Career counselors I saw over the years (Yes, I was often out of work or under-employed) acknowledged the characteristic by their own tests and metrics.

One of the exercises at this training was to see what I would do with six pipe cleaners in one minute.

I made a swing set. I tried to capture the whimsy of a child’s view of life and motion, moving in air.

I didn’t develop a coaching business at the time, but I did keep my swing set. It sits on my bedroom dresser along with a small dish for coins, another for buttons, and a mandala I made.

Lately, I have been looking a lot at my purposefully tangled creation of orange, yellow, pink and gold fuzz covered wires.

It’s swing time.

Even as the sun announces its presence in my bedroom just after five in the morning and doesn’t go into hiding until close to nine at night, I know that the summer solstice is fast approaching.

Every year, in the northern hemisphere, the hours in which the sun can be seen during the day expands from December 21st to the 21st of June — and shrinks, in the same proportion, as we approach the start of winter.

This date is special, almost magical, to me. It’s not a holiday in commemoration of birthday or anniversary, or a bank holiday established at a convenient time by government decree so that people can have a long weekend.

This date actually means something in the life of our planet, in our configuration within our solar system.

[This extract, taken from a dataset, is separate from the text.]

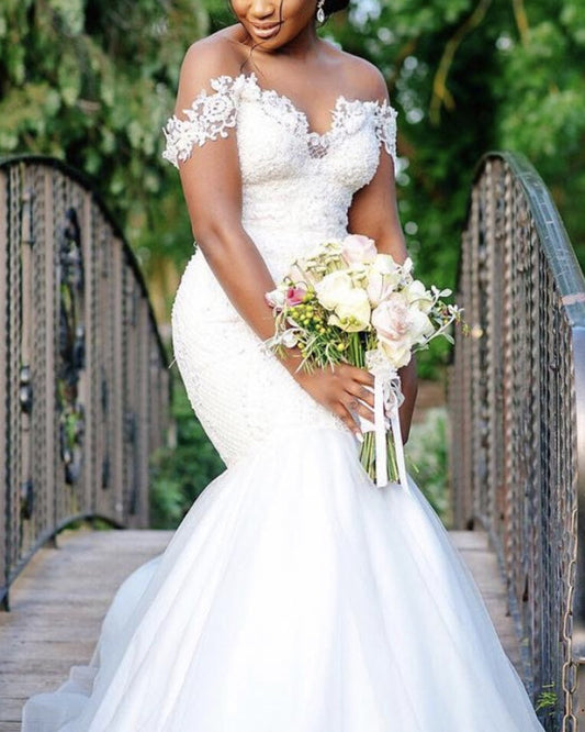 Elegant Mermaid Wedding Dress Lace Off Shoulder

I’m fascinated by the idea that something so weighty and stubborn as time (the expansion of daylight hours) changes direction. It seems impossible and perfect at the same time. Isn’t that the way of most things, swinging between different positions?

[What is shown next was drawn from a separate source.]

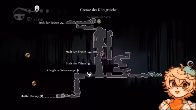 00:14:23Nachdem sich die Streamerin im Kolosseum etwas vertan hat, beginnt sie, die erkundete Karte zu analysieren und neue Gebiete zu markieren. Ihr Hauptziel ist es, den fehlenden Doppelsprung zu finden, um einen bestimmten Bosskampf zu meistern. Sie erkundet verschiedene Bereiche und stößt dabei auf Gegner, die sie umgeht, und nutzt das Crystal Dash, um unerreichbare Orte zu erreichen. Schließlich findet sie eine schlafende Gestalt, die sie mit dem Traumnagel erweckt, um einen Bosskampf zu starten.

I never developed a career as creativity coach. The bar for independents was high back then. I don’t think most people imagined “coaching” would be the “thing” it is today.  Yet now, there are coaches that help people in all range of pursuits, from memoir writing to organizing closets.

People used to want to work for a big company; enjoy paid holidays and tuition reimbursement programs and all.

During my twenties, when I held several positions in data comm sales, companies were always alternating between different go-to-market strategies, flip-flopping between selling direct to consumers and through dealers and distributors.

We‘ve gotten accustomed to reversals in politics. We practically assume a newly elected president’s party will lose the majority in the House at the next mid-term election. As citizens, we go between wanting limited government and wanting a stronger safety net.

Is “swinging” simply propelled by the human tendency to want the things we don’t currently have?  Are people misguided in applying most of their energies into acquiring something perceived to be lacking rather than on maintaining what is known to be of value?

So much has been said about the importance of BALANCE in achieving mental health. The pandemic has forced people to revisit commitments to family life after years of placing career goals first.

I think the idea of reaching a balance, a state of equilibrium that can be sustained, is naïve. How can we keep our lives steady when the world around us, when time itself, is moving?

Maybe the best we can do is check in with ourselves, moment by moment, and adjust.

The aim of our time on the playground of life is not to avoid skinned knees or fights with bullies or to be able to claim we spent time hanging from every available apparatus. The goal is not about making a soft landing after going airborne.

Simply swinging, and enjoying it, is no small thing.